The Jake in question is Jake Gettes (Jack Nicholson) who has been hired to investigate a bigwig in the Los Angeles water and power bureaucracy on the premise of adultery. But soon enough he’s entangled in a byzantine plot to corruptly purchase land in the Californian desert and redirect water through a massive aqueduct to LA against the wishes of local residents. Then he stumbles across incest and other various skeletons in various closets. Somewhat against type, Nicholson’s Gettes is not the sneering, confident huckster we have come to expect from Jack or cinema detective gumshoes – he’s fallible, confused and occasionally wrong.
Based loosely on the Californian Water Wars at the end of the 19th century, Chinatown was Roman Polanski’s first film in the US after the murder of his wife and unborn child by the Manson Family in 1969. Little wonder then that the film reeks of pessimism, threats of violence and injustice. Nicholson sports a bandage for most of the film, covering a knife wound perpetrated by a small time hood played by, you guessed it, Polanski.
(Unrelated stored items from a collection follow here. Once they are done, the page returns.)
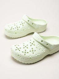 Crocs - Classic Floral Cut Out Clog - Gröna badtofflor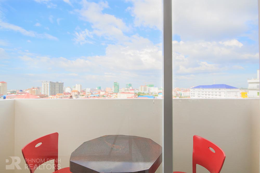 This new apartment is located in Tuol Kork has 1 bedroom, 1 bathroom, built-in closets, new furnishings and a balcony with the lovely view over the city. This unit is equipped with air conditioners, hot water and a washing machine. Building includes security service, elevator and parking. Services include internet, cable-TV, cleaning once a week and parking for a car, motorbike or a bicycle.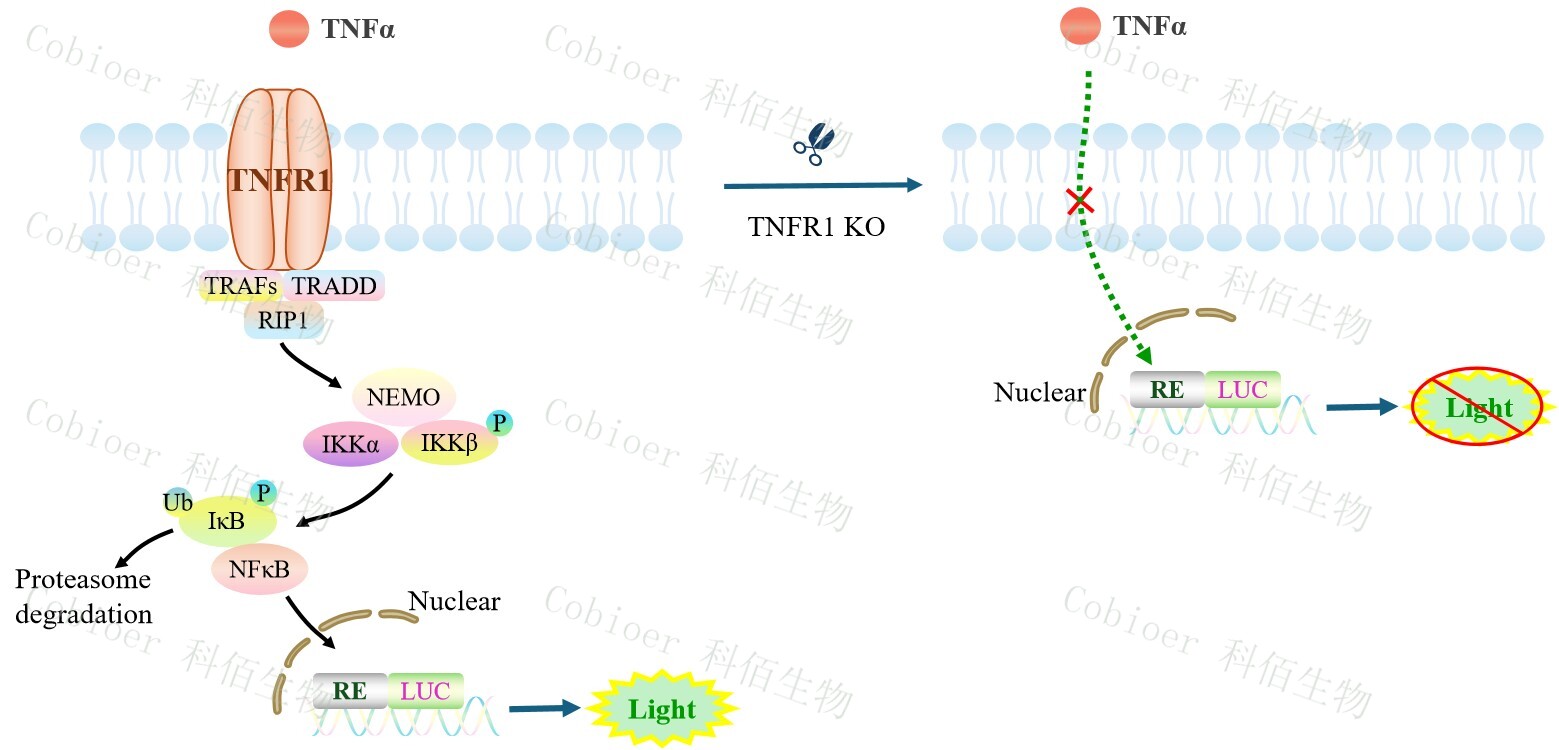 TNFR1 KO NFκB-Luc Jurkat 報(bào)告基因藥靶模型很好的模擬了體內(nèi) NFκB 的信號轉(zhuǎn)導(dǎo)過程,原理見下圖所示。![]() Figure 1. TNFR1 KO NFκB-Luc Jurkat 細(xì)胞模型原理圖 |

It’s a reminder that, try as you might, it’s impossible to hide the impact of greed and violence. In the end, the little guys (farmers, the poor, immigrants) are scorched by the evils of capitalism, left figuratively and literally out to dry. Previous transfers of this 1974 film have been left wanting so it’s a relief this rerelease is the definitive version of a true classic.